When the offset from the master exceeds the threshold, the clock frequency adjustment is clamped. The clamp rate depends on the requirements of the application. For a step change in time, this normally results in a small one-time perturbation to the clock. If the step is a result of a grandmaster change, then the clamping period may continue for some time as the clock frequency is tuned to the frequency of the new master. During this time, the application may operate in a slightly degraded mode. Periodic or cyclic events may then be scheduled based on the local clock and will not be affected by large step changes in time provided that the local clock remains synchronized to the PTP master-clock frequency.

Time-stamp compensation
When a jump to the master time occurs, not all clocks in the system will see the jump at the same time. If there is a step change to the master’s clock, the amount of time it takes to propagate to the Node 1 slave clock and the Node 2 slave clock will differ by the delay through the PTP boundary clock. For some implementations, the delay may be as long as one sync interval. Time stamps generated by Node 1 will differ by the amount of the time step until all clocks see the same step and adjust their clocks accordingly.

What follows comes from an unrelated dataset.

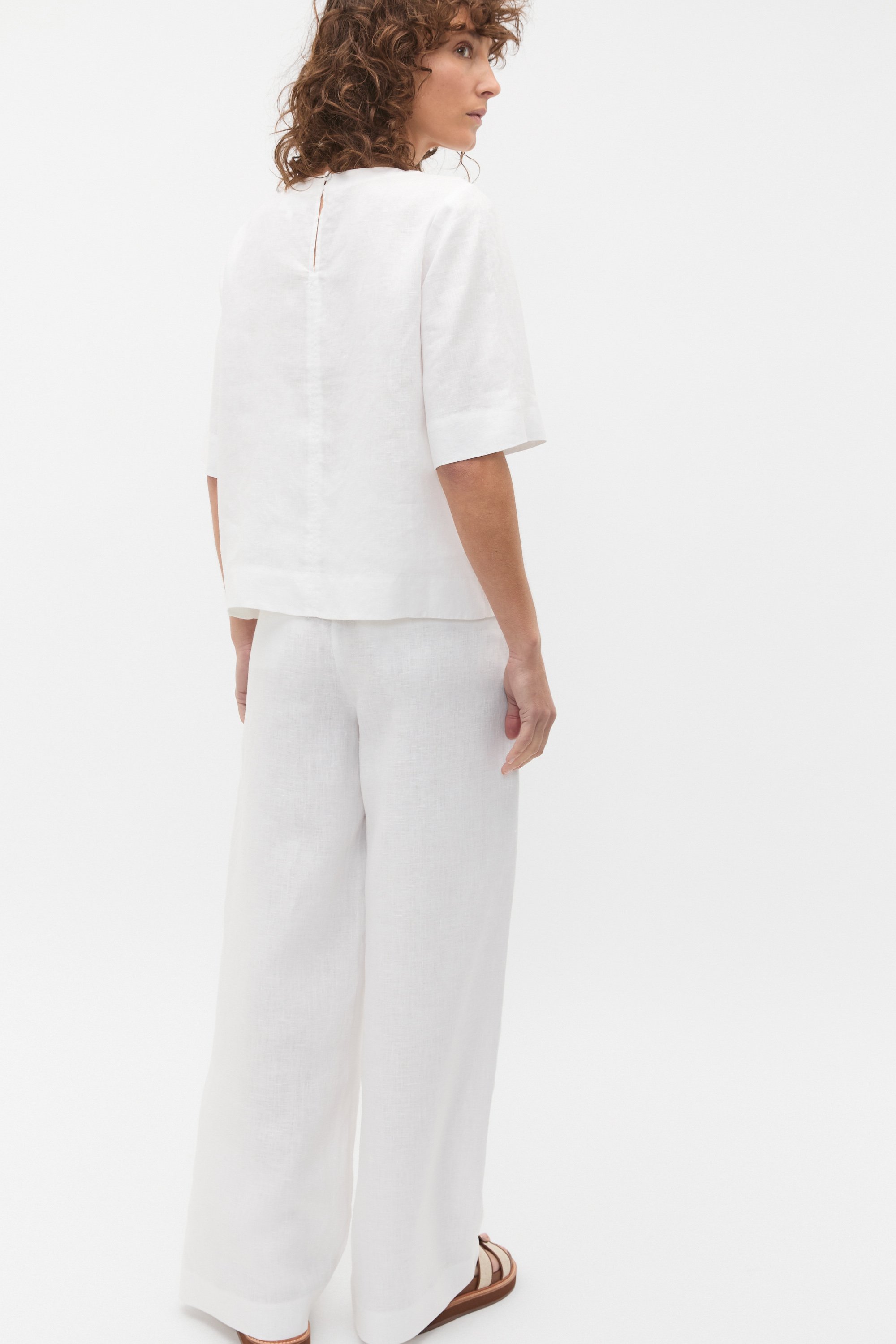 A premium essential in your everyday wardrobe, this tee is crafted in pure linen for an effortlessly elevated look. It features a round neck, short sleeves, a relaxed fit and secures with a button at the back of the neck. Style with the coordinating linen pieces for a chic tonal set, or pair with your favourite jeans for your day-to-day casual.
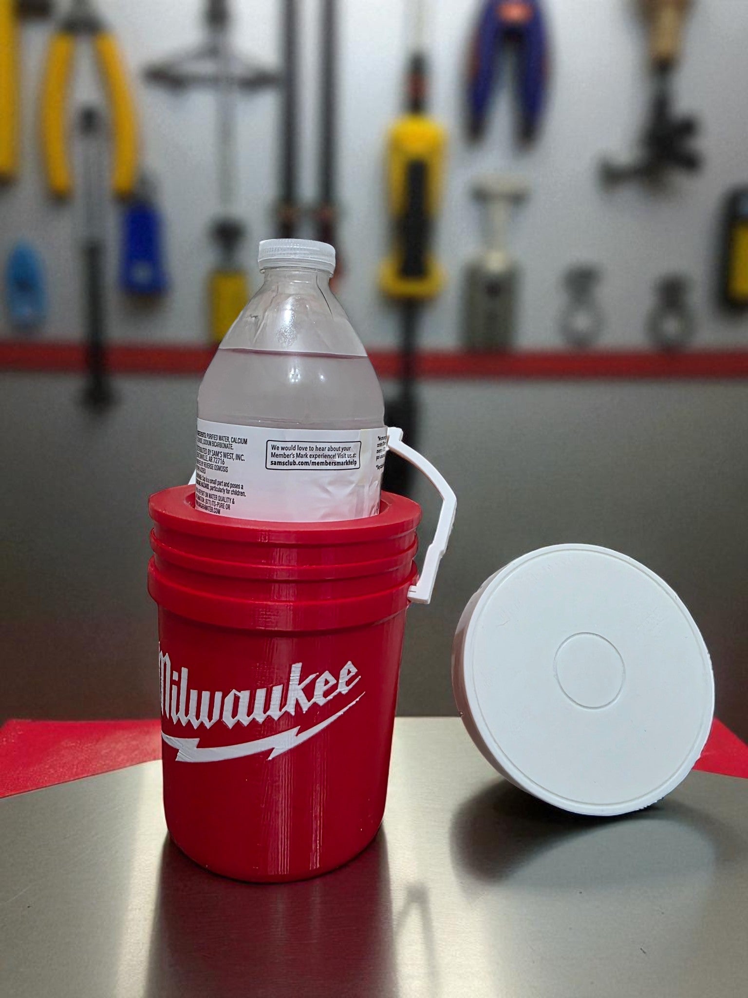 Milwaukee-Style Mini Bucket Koozy with Lid 3D Printed Drink Holder Funny Tool Fan Gift for Milwaukee Enthusiasts

A time step occurs at Node 2 between times 310 and 410. Time 310 is adjusted to time 100310 to account for the step change.

When comparing time stamps between two nodes or two time stamps within the same node, consider whether a step has occurred during the time interval between the two time stamps. Adjusting one or both of the time stamps to account for this time step is referred to as time-stamp compensation. A similar process should be followed when comparing two time stamps from the same node.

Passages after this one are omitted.